UNIVERSIDAD CENTRAL DE VENEZUELA FACULTAD DE AGRONOMÍA DEPARTAMENTO DE QUÍMICA Y TECNOLOGÍA

Sección: __________________ Fecha: __________________ Integrantes: Victor Monasterio Adriana Mendoza

CÁTEDRA: ANÁLISIS DE PRODUCTOS AGRÍCOLAS I ETAPA I

INFORME POST - LABORATORIO CROMATOGRAFIA CAPA FINA 1.- Introducción: La cromatografía es una técnica sumamente empleada en varias aéreas científicas debido a que permite la separación de una mezcla de solutos, basándose esta separación en la diferente velocidad con que se mueve cada uno de los solutos a través de un medio poroso, arrastrados por un disolvente en movimiento. Actualmente existen diversas técnicas de cromatografía, siendo la cromatografía de capa fina (CCF) una de las más utilizadas debido a que permite separaciones por reparto (aislar e identificar), filtración sobre gel, adsorción e intercambio iónico en escalas de tiempo muy corta, sin afectar la muestra a analizar. (Abbott D. Et al. 1973).
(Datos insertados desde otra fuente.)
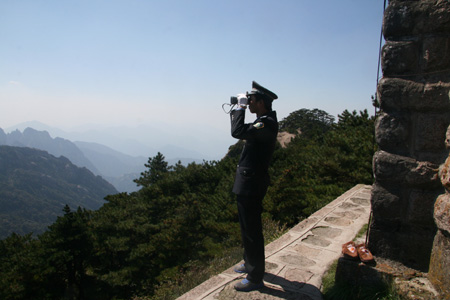 小隊(duì)長(zhǎng)陳曉川在仔細(xì)的對(duì)景區(qū)進(jìn)行防火瞭望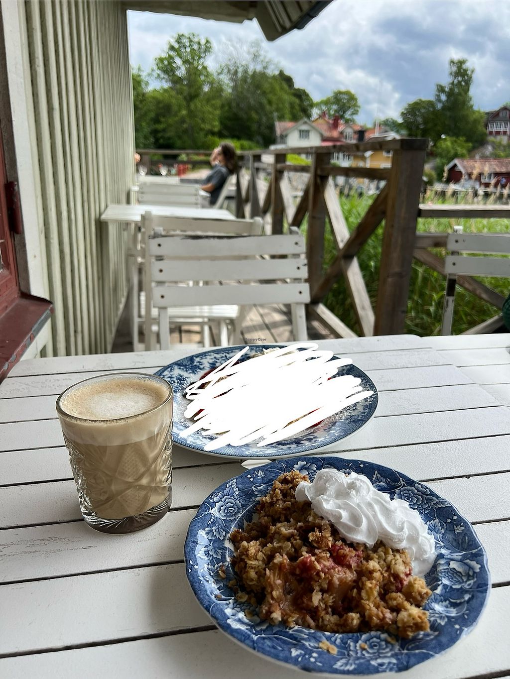 apricot crumble cake with vegan whipped cream and oat milk chai latte

Es por ello que diversos autores como (Rodríguez, S., et all 2012) han utilizado esta técnica para la cuantificación de polisacáridos en especies de (Opuntia) en la agroindustria, asimismo (Mennickent, S., Et al. 2000), realizo una metodología para la cuantificación del ácido acetilsalicílico a través de CCF, el cual es un antiinflamatorio que se hidroliza fácilmente en contacto con la humedad atmosférica, tradicionalmente este compuesto es analizado por cromatografía liquida de alta resolución, lo cual es mucho más lento y más costoso que la CCF, debido a que la CCF permite analizar varios analitos en una sola placa ahorrando tiempo y solventes lo cual se traduce en disminución de costos. Por este orden de ideas su versatilidad y rapidez la hace ideal para la enseñanza de la cromatografía, dirigida a los estudiantes de la UCV-FAGRO de la cátedra de análisis de productos agrícolas I, en la cual se realizara una práctica de CCF con la finalidad de aislar e identificar los compuestos de un analito de importancia agrícola.

2. Objetivos de la práctica: 

Realizar inoculaciones de muestras en placas cromatografías



Determinar el Rf de las distintas manchas desarrolladas en Cromatografía de capa fina.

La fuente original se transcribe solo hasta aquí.